**WHAT THIS TASK INVOLVES:** Output the listing below verbatim, from its first line to its last.

====== GIVEN RECORDS ======

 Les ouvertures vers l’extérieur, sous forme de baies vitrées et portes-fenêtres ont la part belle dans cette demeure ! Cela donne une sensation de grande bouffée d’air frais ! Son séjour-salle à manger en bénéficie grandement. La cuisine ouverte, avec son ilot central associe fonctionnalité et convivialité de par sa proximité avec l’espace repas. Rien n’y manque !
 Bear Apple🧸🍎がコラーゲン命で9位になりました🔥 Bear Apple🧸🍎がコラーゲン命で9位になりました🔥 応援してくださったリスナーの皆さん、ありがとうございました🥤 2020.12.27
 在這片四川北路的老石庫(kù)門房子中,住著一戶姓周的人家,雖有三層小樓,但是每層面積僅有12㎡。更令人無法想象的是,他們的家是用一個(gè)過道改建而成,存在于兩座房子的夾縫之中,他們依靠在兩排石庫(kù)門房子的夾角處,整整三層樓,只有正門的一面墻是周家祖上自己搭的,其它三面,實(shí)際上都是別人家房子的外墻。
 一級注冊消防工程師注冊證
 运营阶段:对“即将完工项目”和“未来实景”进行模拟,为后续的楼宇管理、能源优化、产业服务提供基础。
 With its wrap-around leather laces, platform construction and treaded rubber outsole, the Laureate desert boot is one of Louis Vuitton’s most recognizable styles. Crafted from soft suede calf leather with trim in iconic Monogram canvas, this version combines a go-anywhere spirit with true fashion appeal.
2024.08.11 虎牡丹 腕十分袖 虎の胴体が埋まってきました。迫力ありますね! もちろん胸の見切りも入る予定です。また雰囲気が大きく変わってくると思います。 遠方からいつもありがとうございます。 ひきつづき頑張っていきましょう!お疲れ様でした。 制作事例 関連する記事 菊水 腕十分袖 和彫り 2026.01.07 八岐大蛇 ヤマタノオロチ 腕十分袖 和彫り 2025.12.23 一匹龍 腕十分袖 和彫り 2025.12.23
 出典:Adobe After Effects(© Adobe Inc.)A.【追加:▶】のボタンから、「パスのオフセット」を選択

======

**RESPONSE FOR THIS EXERCISE:**
 Les ouvertures vers l’extérieur, sous forme de baies vitrées et portes-fenêtres ont la part belle dans cette demeure ! Cela donne une sensation de grande bouffée d’air frais ! Son séjour-salle à manger en bénéficie grandement. La cuisine ouverte, avec son ilot central associe fonctionnalité et convivialité de par sa proximité avec l’espace repas. Rien n’y manque !
 Bear Apple🧸🍎がコラーゲン命で9位になりました🔥 Bear Apple🧸🍎がコラーゲン命で9位になりました🔥 応援してくださったリスナーの皆さん、ありがとうございました🥤 2020.12.27
 在這片四川北路的老石庫(kù)門房子中,住著一戶姓周的人家,雖有三層小樓,但是每層面積僅有12㎡。更令人無法想象的是,他們的家是用一個(gè)過道改建而成,存在于兩座房子的夾縫之中,他們依靠在兩排石庫(kù)門房子的夾角處,整整三層樓,只有正門的一面墻是周家祖上自己搭的,其它三面,實(shí)際上都是別人家房子的外墻。
 一級注冊消防工程師注冊證
 运营阶段:对“即将完工项目”和“未来实景”进行模拟,为后续的楼宇管理、能源优化、产业服务提供基础。
 With its wrap-around leather laces, platform construction and treaded rubber outsole, the Laureate desert boot is one of Louis Vuitton’s most recognizable styles. Crafted from soft suede calf leather with trim in iconic Monogram canvas, this version combines a go-anywhere spirit with true fashion appeal.
2024.08.11 虎牡丹 腕十分袖 虎の胴体が埋まってきました。迫力ありますね! もちろん胸の見切りも入る予定です。また雰囲気が大きく変わってくると思います。 遠方からいつもありがとうございます。 ひきつづき頑張っていきましょう!お疲れ様でした。 制作事例 関連する記事 菊水 腕十分袖 和彫り 2026.01.07 八岐大蛇 ヤマタノオロチ 腕十分袖 和彫り 2025.12.23 一匹龍 腕十分袖 和彫り 2025.12.23
 出典:Adobe After Effects(© Adobe Inc.)A.【追加:▶】のボタンから、「パスのオフセット」を選択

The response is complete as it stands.